“Dress us up as romantic soldiers of fortune, with a heroic lineage from the nobility of the Middle Ages, or post-f@!k!ng-modern, euphemised PMCs, but it wouldn’t alter the facts: we worked for large sums of money to possibly be killed and, if necessary, kill others. Enough said.”
Says Low at one point when describing what he does, so he is refreshingly frank. He is also not shy in criticising the allies presence in Iraq, describing them as a hot knife in soft butter. Low gives us a fragmented but intense window into what it’s like, operating in these war zones, as a mercenary. He reveals the comradeship, bureaucracy, greed, danger and stupidity that are all part of daily life and he also gives us a slight idea of what it’s like in the foreign legion. Some of the stories he tells of other people in other war zones are equally disturbing yet compelling, like the horror story of Belgian peacekeeper’s looking after a female Burundi politician in Rwanda, or the Aussie guy who everyone had believed to be asleep on the plane home but as they tried to wake him they discovered that he had been killed by bullets that had been fired from insurgents as they had taken off in Baghdad but no one had noticed.

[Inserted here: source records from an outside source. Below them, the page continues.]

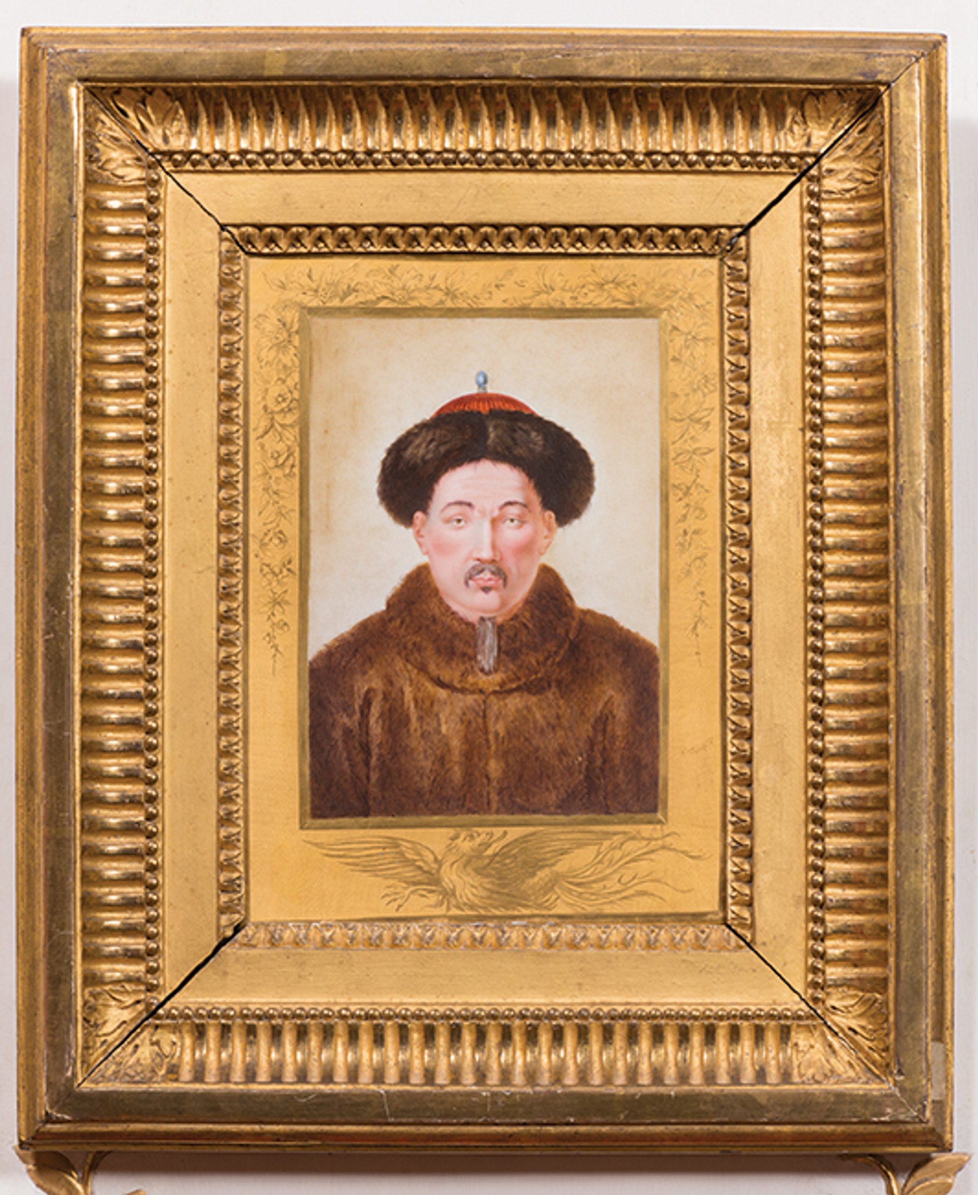 The French monarchs’ perennial reverence for their Chinese confrères is recalled in a fusion work—Plaque depicting the Emperor of China, in which Charles-Eloi Asselin, a painter at the Sèvres Porcelain Manufactory outside Paris, depicted Kangxi’s successor, Emperor Qianlong, on hard-paste porcelain. Based on a drawing by an Italian Jesuit at the Chinese court, the portrait, from around 1776, is presented in a gilded-wood frame decorated with Chinese motifs. It had such a high standing at the court of Louis XVI that it was included in the king’s private Versailles apartments.
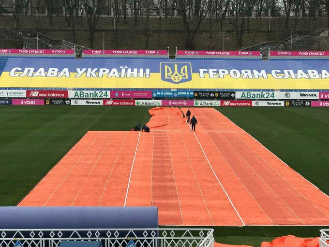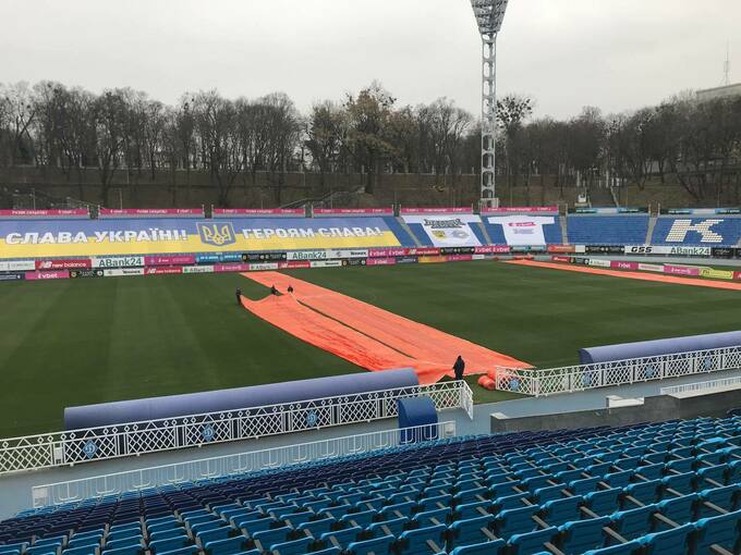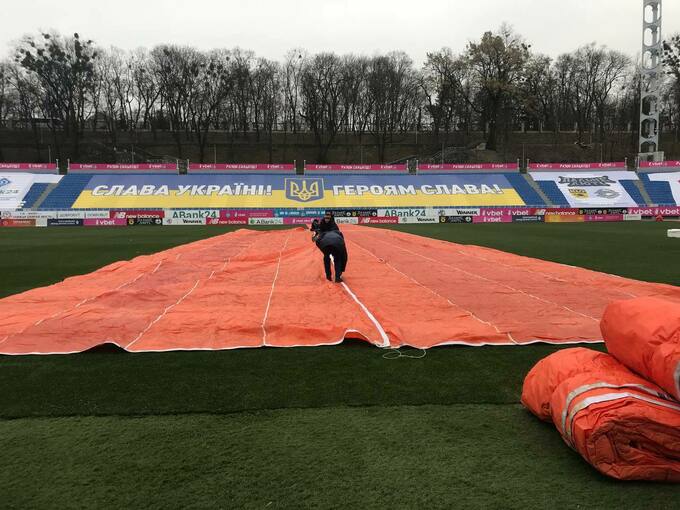 Киевское Динамо подготовило газон стадиона к первому снегу.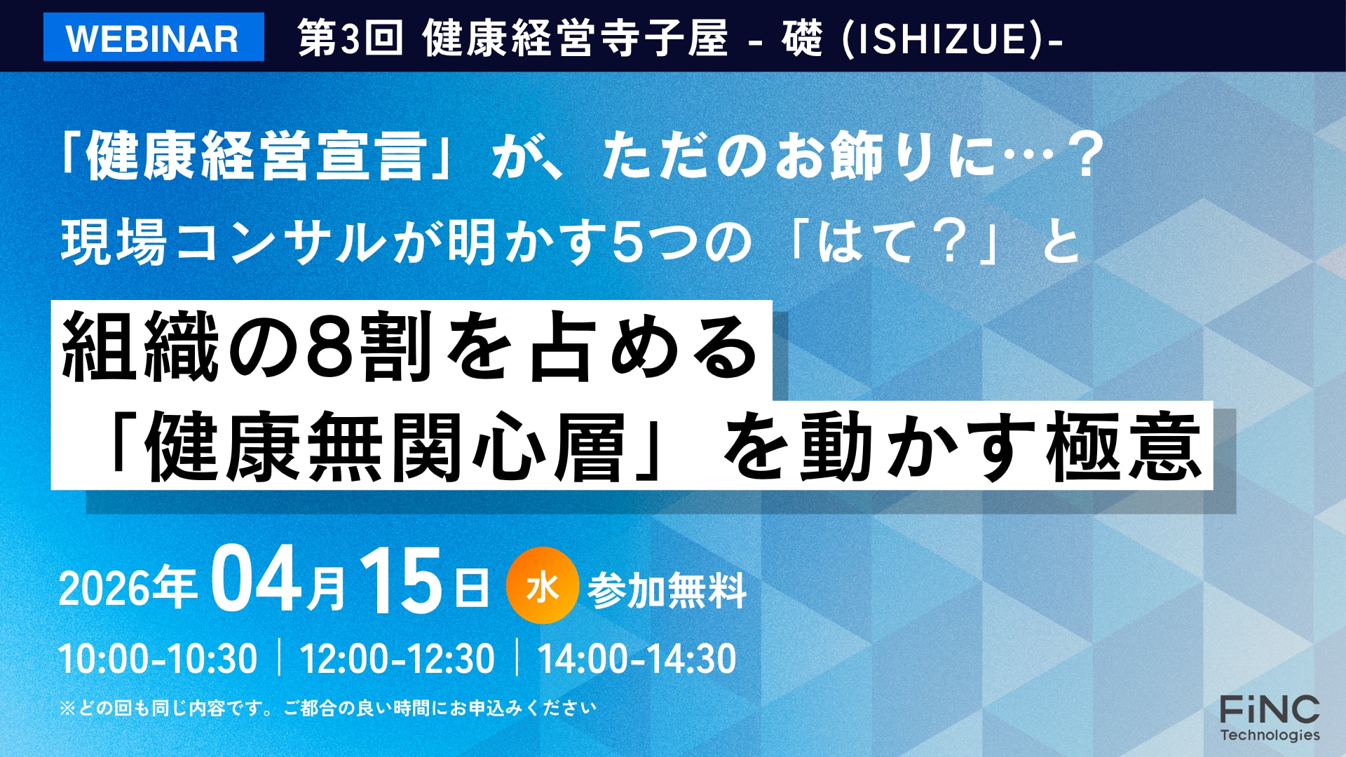 2026年4月15日(水) 10:00-10:30 / 12:00-12:30 / 14:00-14:30 |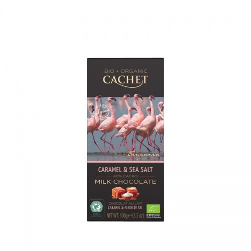 Εξαιρετικής ποιότητας βιολογική σοκολάτα γάλακτος με καραμέλα και θαλασσινό αλάτι.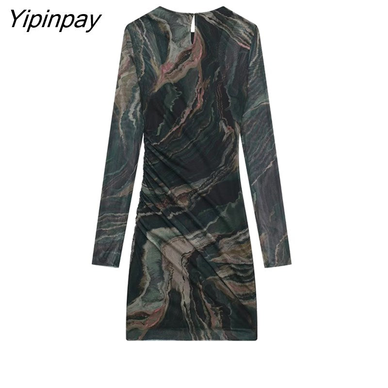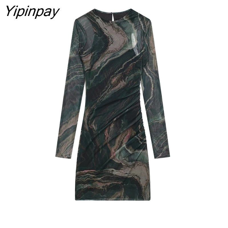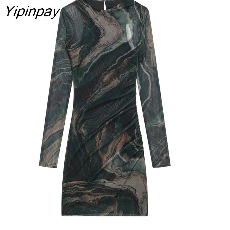 Yipinpay 2023 Women Mini SexyTulle Dresses Spring Summer Elegant Party Sheath Slim Dress Long Sleeve O-Neck Vestidos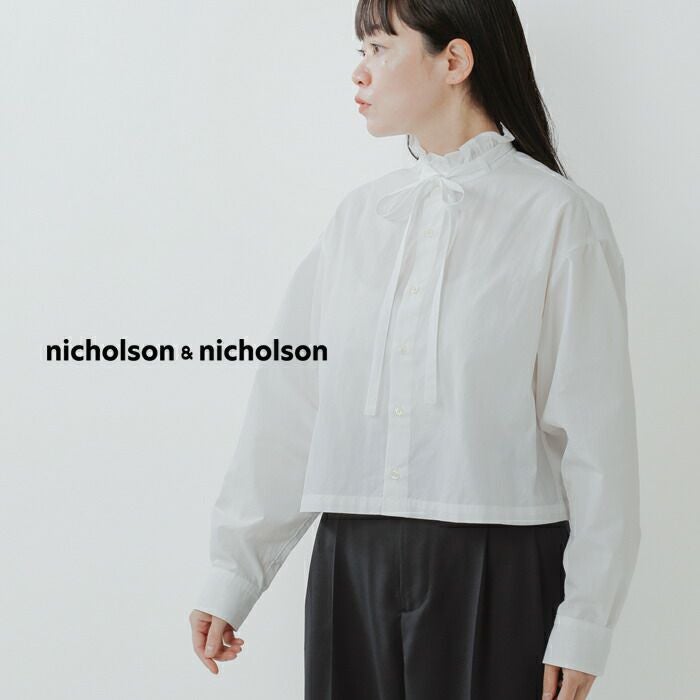 nicholson&nicholson(ニコルソンアンドニコルソン)より、ウォッシュドコットンフリルカラータイブラウスのご紹介です。上品なフリルネックとリボンデザインがアクセントになった、クラシカルなブラウス。トレンド感のあるクロップド丈でハイウエストボトムとの相性が抜群♪ボリューミーなボトムスともバランスよく合わせられます。大人可愛さを演出する、上質な一枚です。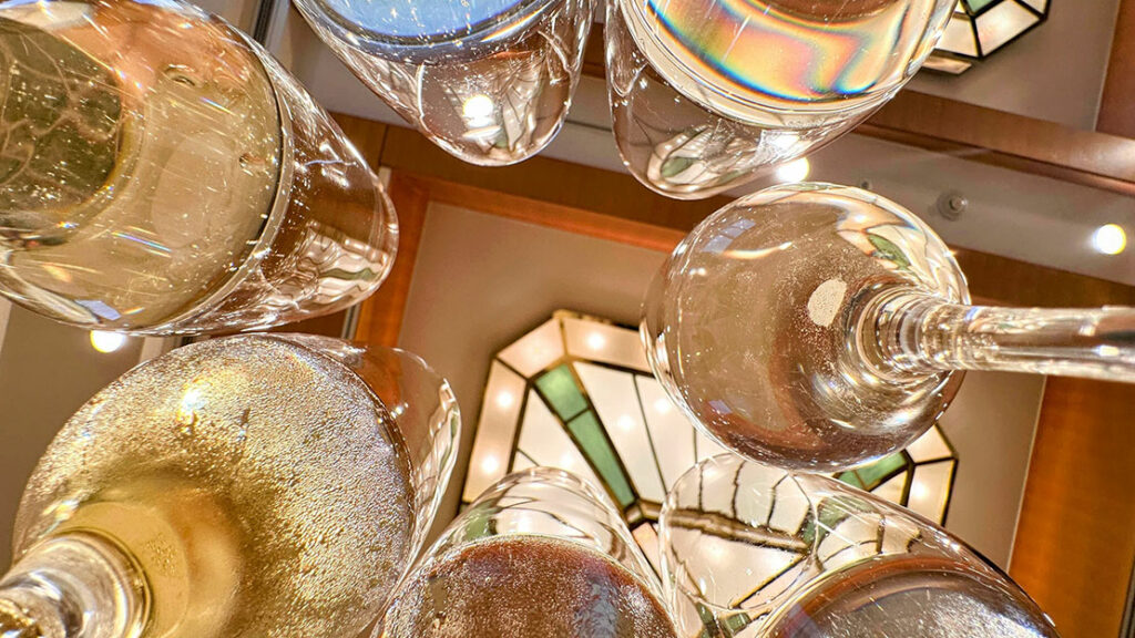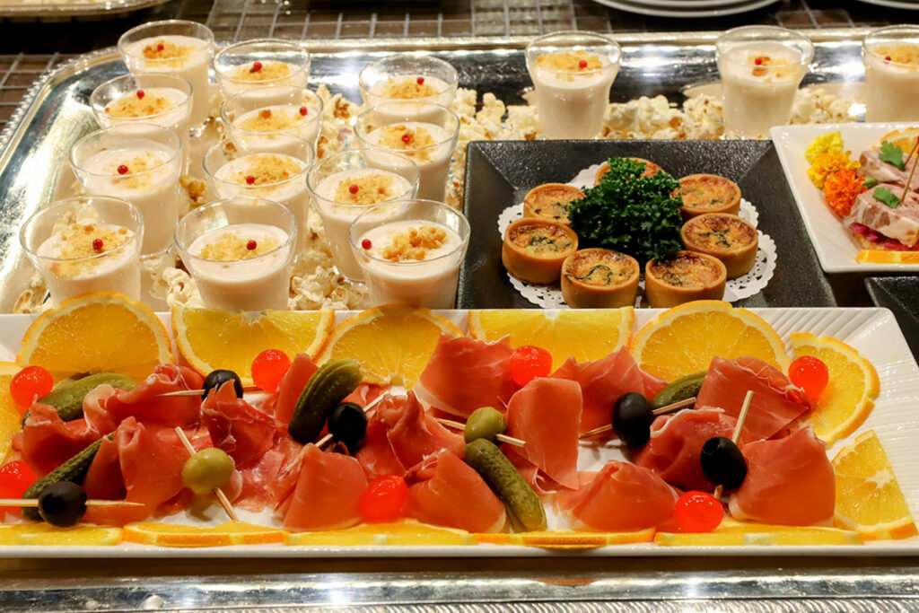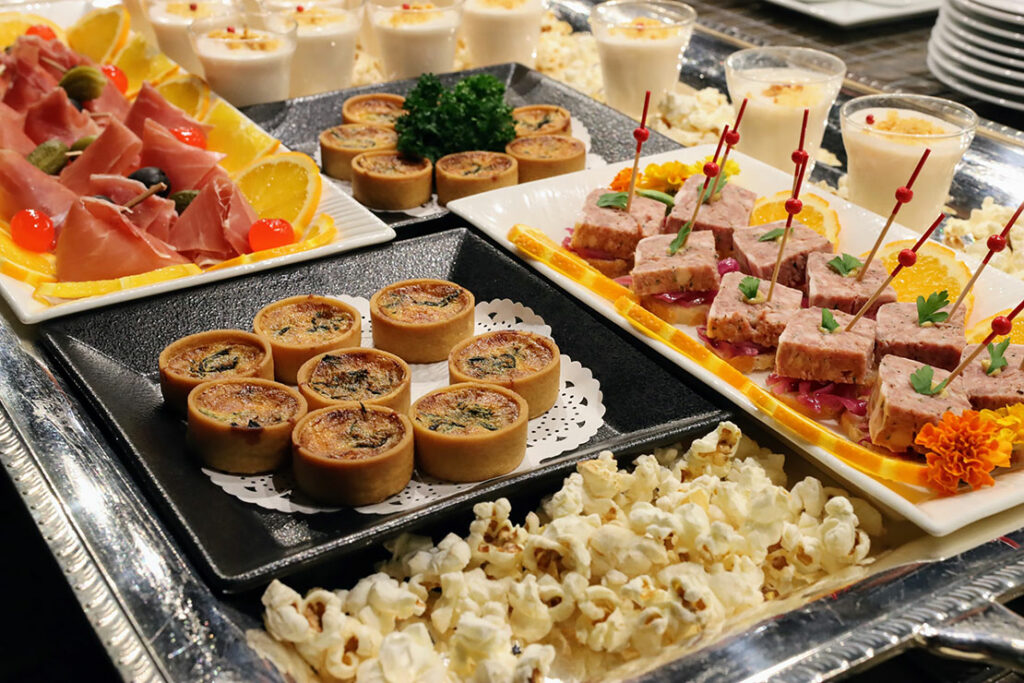 会場を新設ラウンジ「RENDEZ-VOUS AWA」へ移し、いよいよ料理とのペアリング体験へ。テーブルに並んだのは、生ハム、タルト、テリーヌなど、彩り豊かなメニューの数々。中でも意外な相性を見せたのが、塩気の効いたポップコーン。CAVAの繊細な泡と酸味が塩味をやさしく中和し、味わいに奥行きを与えてくれる。CAVAの新たな楽しみ方を発見する、印象的なひとときとなった。

Without doubt he has experienced more than his fair share of action and adventure through his work and has many a fascinating tale to tell as a result. Don’t get me wrong much of the dialogue is straight out of an 80s action movie and it is teeming with clichés, this a world where people “run hell for leather” and have “a whale of a time” and the attempts at humour are well, just not funny at all, but at the end of the day this makes for really exciting and captivating reading and he does get involved in some really intense near death situations.